David Goessmann: Who is financing these sorts of science?
Pat Mooney: The same wonderful folks that bothers climate change in the first place, who geo engineered our planet into the crisis that we’re in. It’s BP, and EXXON Mobil, and it’s Shell, and it’s the big plastics chemical companies, Dupont and Monsanto and BASF. Well all the ones that are taking a lead in this research. And it’s our governments, its huge investments coming from US-department of energy, huge investments from the US-department of agriculture, from the British government and so on as well.
Fabian Scheidler: What is meant by the term geo engineering and what are the dangers of this?

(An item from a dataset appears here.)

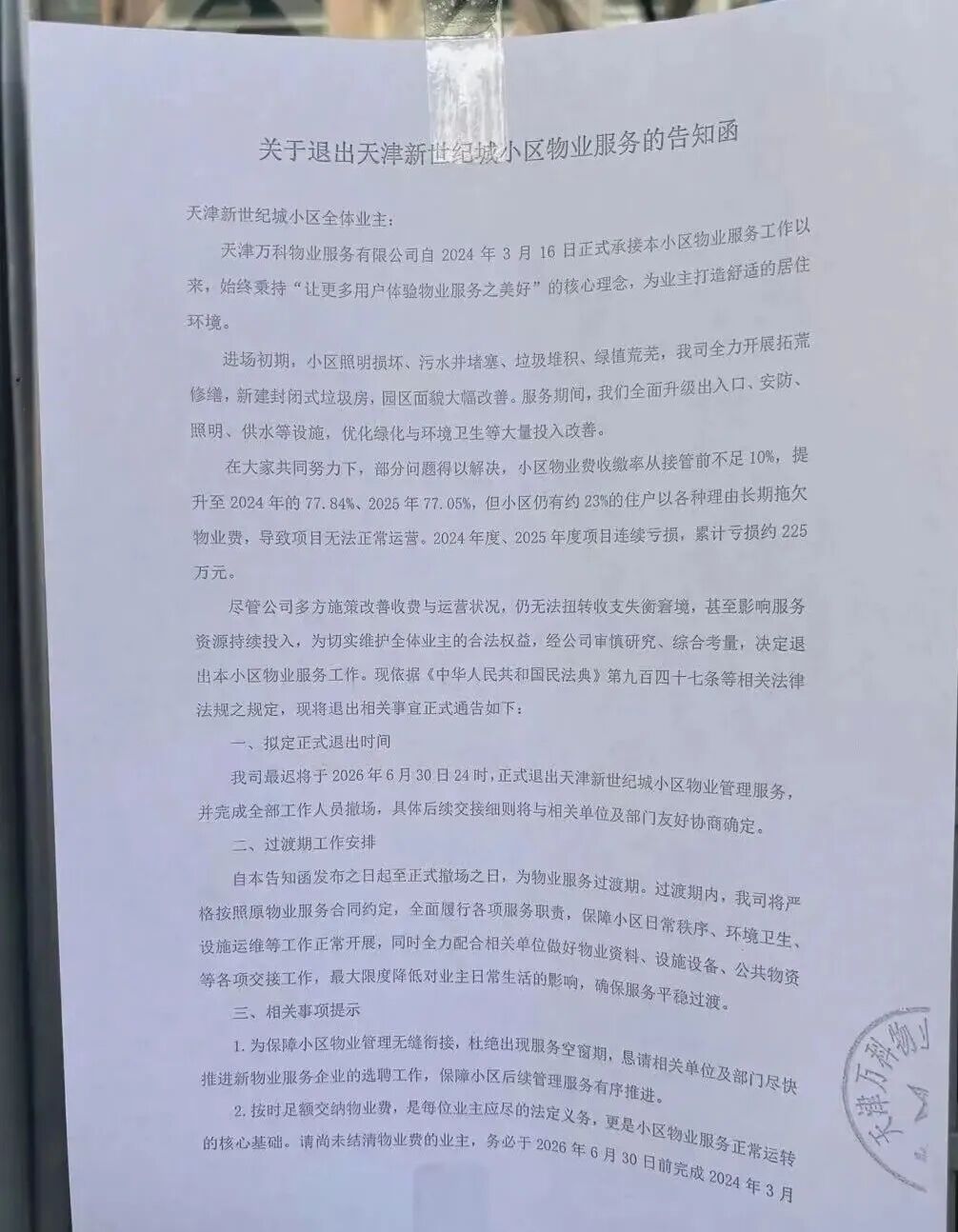 日前,天津新世纪城小区的业主也收到了天津万科物业服务有限公司的一纸“退场告知函”。

Pat Mooney: It’s an interesting term, isn’t it? Because to me, we thought it was being proposed which is to restructure the circles of the oceans, to restructure the stratosphere to block sunlight, for example. We thought, my god, that’s geo engineering. And we thought that’s the most derogatory term we could think of, geo engineering the planet. We find that the scientists who were doing this work they call it geo engineering as well. They think it’s a good thing; we think it’s a terrible thing. They say of course that they prove a principal, that human beings can geo engineering the planet is before us. We had climate change, industry again, the BPs and the Duponts of the world have geo engineered the planet into this crisis. So they were saying: don’t worry folks, we’ll take care of it, we’ll geo engineer you out of the crisis again. And the two brought tools they were talking about to do that are one that you can again change the biological surface of the ocean so it will absorb greenhouse gases, and then sink them to the bottom of the ocean to get them out of the way. Or you can block sunlight, do a variety of different methods of blasting sulfate into the stratosphere for example; you can block the sunlight so you can lower temperatures and probably at the same time lower methane emissions as well in the arctic areas. Which would again buy time for us to perhaps another solution down the road. The danger of that is probably obvious, but the most amazing thing to me is that we don’t know enough about our planet, we don’t know enough about how the planetary systems work. To suggest that we can play god with the oceans, or play god with the sky, and do it in a way which is, in any remote way, safe, any remote way equitable to the poor world. It will not happen.